With the formal deadline to file as an official candidate still a week away, Arianna’s dodge seemed only a legal technicality. Everything else about that meeting said she was definitely in the race. Peter Camejo, who recently met for three hours with Arianna, has publicly suggested that he would withdraw and endorse her perhaps late in the campaign. Huffington could emerge as the consensual candidate of the California left if Camejo does the right thing and withdraws immediately. It would be quite a spectacular and historic role reversal for someone who once counted Newt Gingrich among her best friends.


“This is not a Nader Nightmare scenario, this isn’t a spoiler candidacy,” Jones assured Arianna’s gathered supporters. “This recall presents a unique opportunity for progressives. Whatever candidate gets the most votes wins.

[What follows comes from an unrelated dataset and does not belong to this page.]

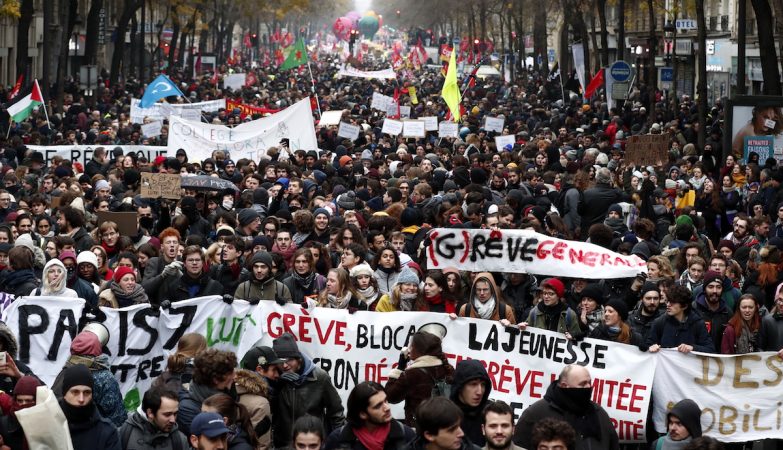A nível sindical, deixámos de lado os traidores abertos e tradicionais das centrais CFDT e UNSA. Formou-se uma intersindical “de oposição” ao projeto de reforma composta pela CGT, FO, CFE-CGC (executivos), Solidaires, UNEF (estudantes), MNL e UNL (estudantes de ensino secundário), que se reuniram várias vezes antes de 5/12 e acabaram por chamar a um dia de greve geral interprofissional nesse mesmo dia, sem dizer nada sobre a continuidade da greve.
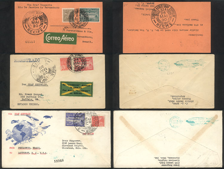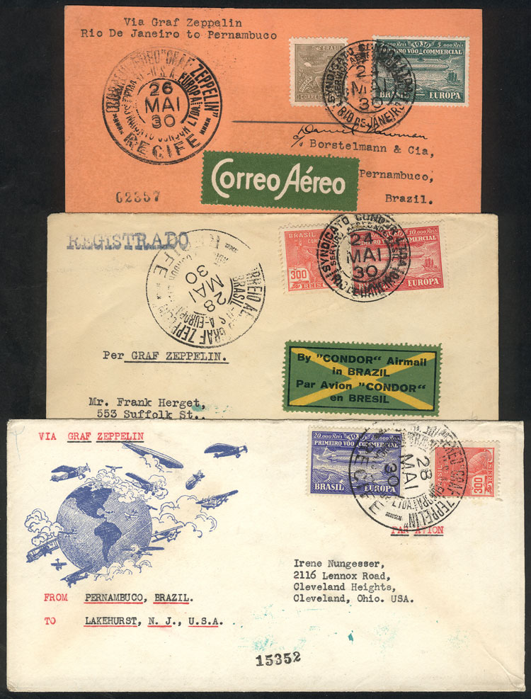 MB. 3 Sobres enviados por ZEPPELIN a USA entre el 24 y 28/MAY/1930, franqueados cada uno con un sello de la serie Sc.4CL1/4, muy buena calidad, valor según catálogo Scott US$475

And Arianna can win.”


 


Also present at the meeting was veteran progressive political consultant Bill Zimmerman, introduced by Arianna as “the man who would be managing the campaign if it happens.” Zimmerman’s presence at the helm should dissuade any serious observer from guessing that a run by Arianna would be merely some sort of media gimmick or symbolic candidacy. Zimmerman has worked on or run more than 250 professional campaigns, including Gary Hart’s 1984 presidential run and Tom Hayden’s 1976 senatorial campaign. Zimmerman also designed and ran two successful California ballot initiatives, for legalization of medical marijuana and for drug treatment instead of jail (Proposition 36).

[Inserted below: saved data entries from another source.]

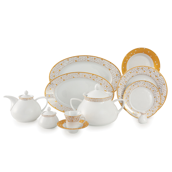 سرویس چینی 108 پارچه زرین ژئومتریکال طلایی
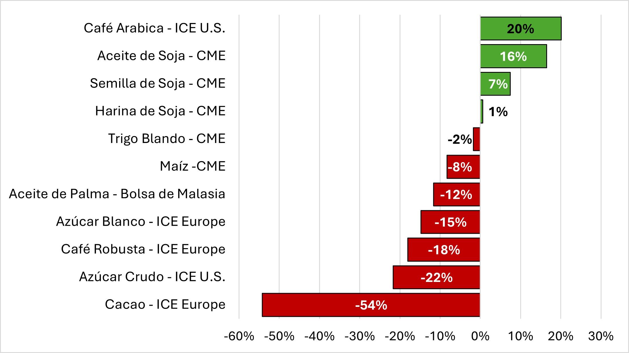 Por otro lado, el complejo de la soja también se ubicó en terreno positivo, aunque con situaciones diferentes. Este crecimiento fue impulsado en gran medida por el aceite de soja, beneficiándose de la demanda energética que ha sostenido el interés por los aceites vegetales, incluso en un contexto de buena disponibilidad agrícola global. Sin embargo, el grano de soja solo logró una mejora parcial, y la harina de soja mantuvo una estabilidad interanual afectada por una menor dinámica en la demanda ganadera y un excedente estructural en la oferta.
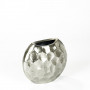 Eine  flache, linsenförmige Vase / Gefäß mit grob segmentierter Oberfläche u. einem matt, metallischen Glanz von Silber.
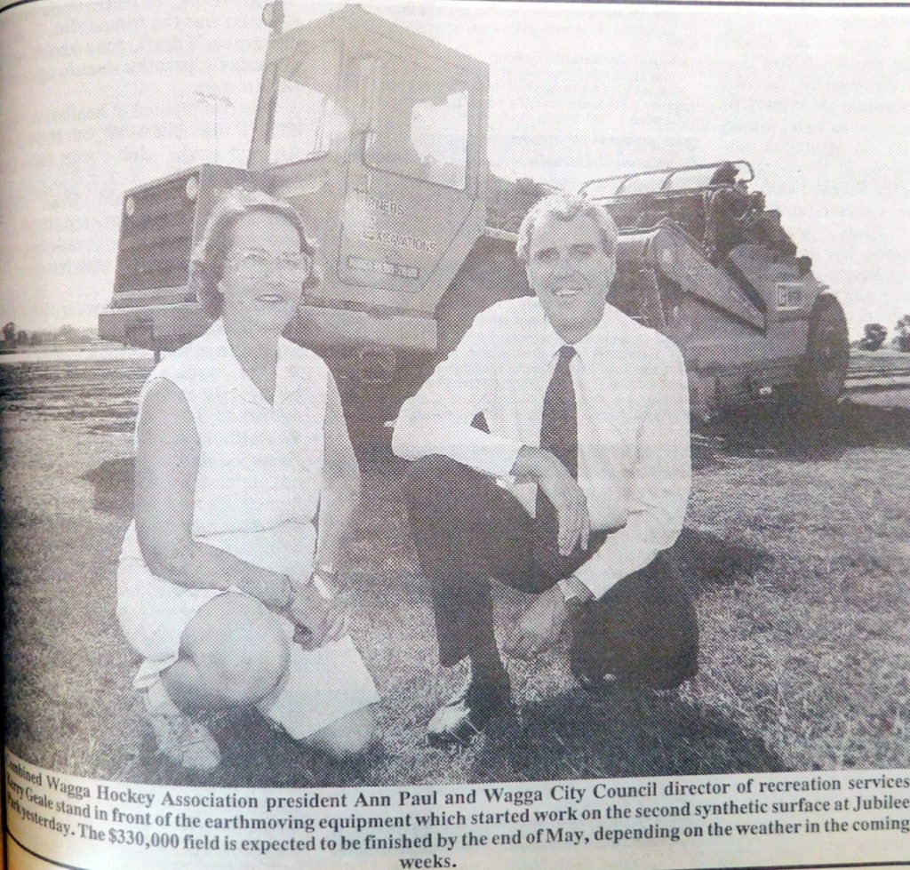 - Hockey Association president, Ann Paul and Council director of recreation services, Kerry Geale are pictured in the Daily Advertiser at Jubilee Park as work begins on the second synthetic surface there at a cost of $330,000.
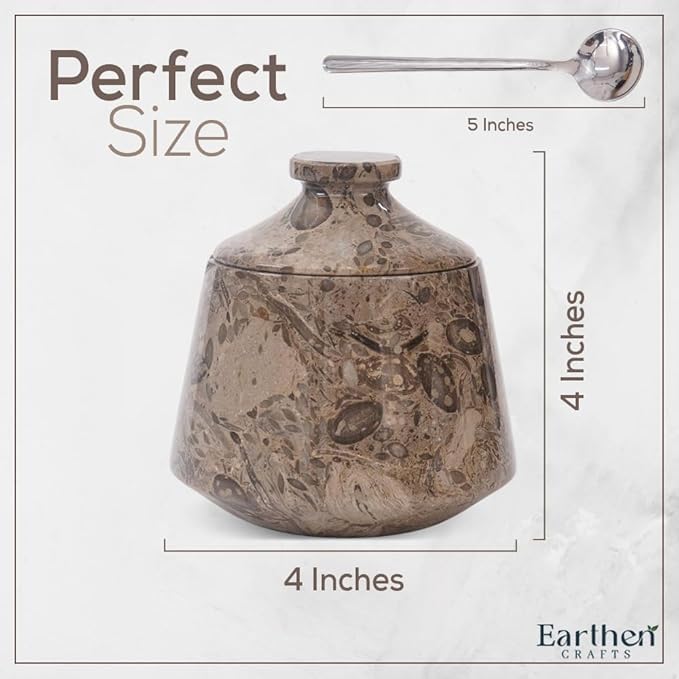 - What's In It: 1 x Marble Salt Cellar with lid and spoon. Comes along with Earthen Crafts branded, secure and fragile packaging.
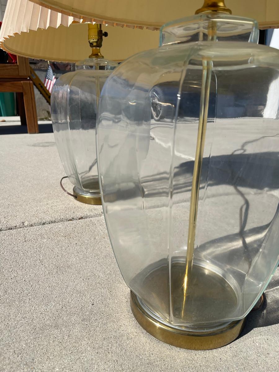 Glass Base with Brass Rod & Lamp Shade- Please view photos for additonal details
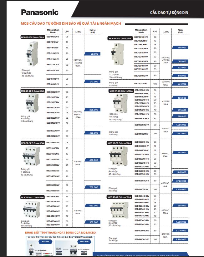 2. Bảng Giá Một Số Thiết Bị Điện Panasonic

Without discounting new Internet campaign techniques, the availability of “free media” and the punch that can be delivered by an authentic grassroots campaign, Zimmerman reminded the group that a campaign by Arianna would still need to raise a hefty $10 million or so to compete in the statewide TV ad markets.

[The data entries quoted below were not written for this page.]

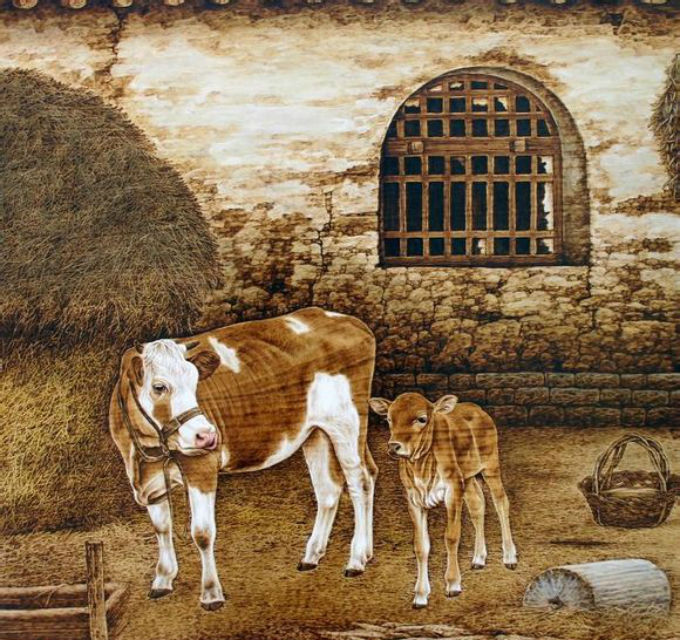 郝友友还将西洋画的写实、国画的严谨融入现代烙画中,再吸取版画、刺绣等民间工艺的精髓,继而创造了郝氏独有的烙画技法,放眼整个现代烙画界,恐怕也无一人敢说自己能越过其高超的烙画水平。
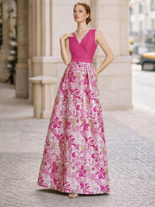 Occasion:Semi Formal,Kentucky Derby,Wedding,Formal,Style:Elegant,Silhouette:A-Line,Hemline / Train:Floor Length,Neckline:V Neck,Fabric:Jacquard,Satin,Closure:Zipper UP,Sleeve Length:Sleeveless,Embellishment:Pleats,Tips:Colors may vary slightly due to different monitor settings,Professional dry cleaner only,Features:Pocket,
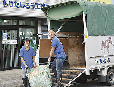 もりたしろう工務店が「おがくず」の寄贈を始めたのは3年前。それ以前は作業場で木材を加工する際に出るおがくず・かんなくずを、一般ごみでは廃棄できないため産廃業者に依頼し有料で処分していたが、ポニーやモルモットたちがおがくずを必要としていると聞き「ポニーたちの役に立つなら」と提供を決めた。
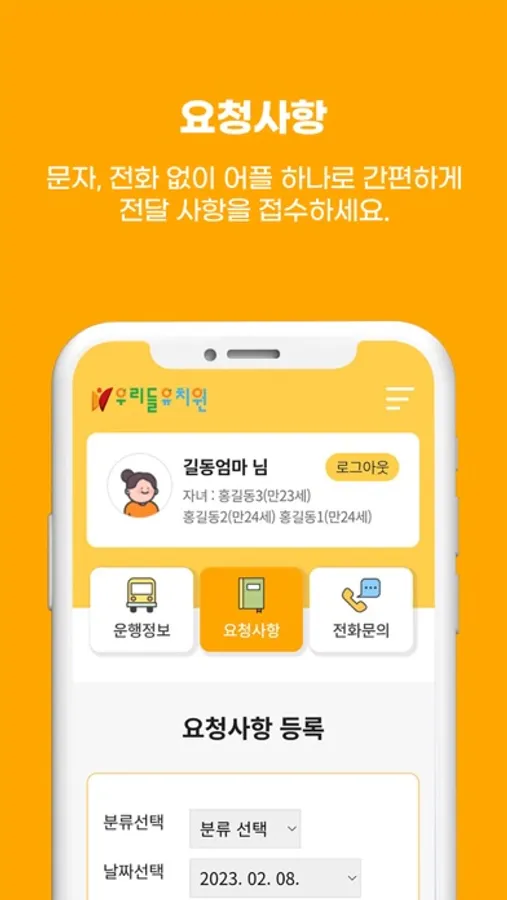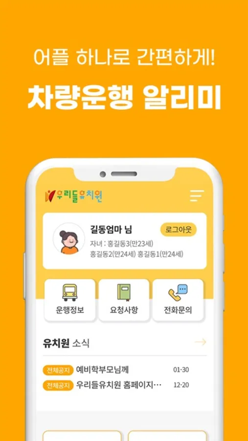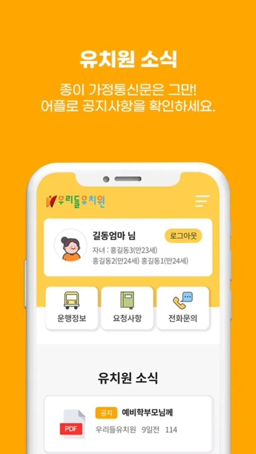 우리들유치원 학부모 알리미 어플입니다.

Zimmerman’s right, of course. And as someone who had publicly encouraged Arianna to consider the run, let me be among the first to openly acknowledge the scope of the challenges her candidacy would face, beyond that mountain of $10 million or so. In an extraordinarily compressed campaign window between today and the October 7 vote, Arianna needs to craft an understandable and coherent program that offers serious alternatives to both Republicans and Democrats yet retains mainstream appeal; she must convince voters that, if elected, she has the executive oomph both to manage the current crisis and to effect real policy reform in Sacramento. And she must be effective in blunting what will be the inevitable attempts by the media and other candidates to marginalize and trivialize her independent run. For starters, she’s going to have to directly confront the problem of her ex-husband and former senatorial candidate Michael Huffington, who has also floated his name as a candidate. Now that would be a truly trivial candidacy. And it seems he has announced only to annoy his ex-wife (not unexpected from a guy who first let his two children hear about his public coming out as bisexual by reading it in the press). If he continues in the mix, he can only distract from and damage Arianna. Michael Huffington’s little summer prank has to be ended immediately.


These all constitute formidable obstacles for Arianna. But thinking about the alternatives — retaining Gray Davis or electing one of the myriad Republicans who are running — convinces me, as it does Van Jones, that it’s quite worth the gamble. The current governor is much less than even the lesser of two evils.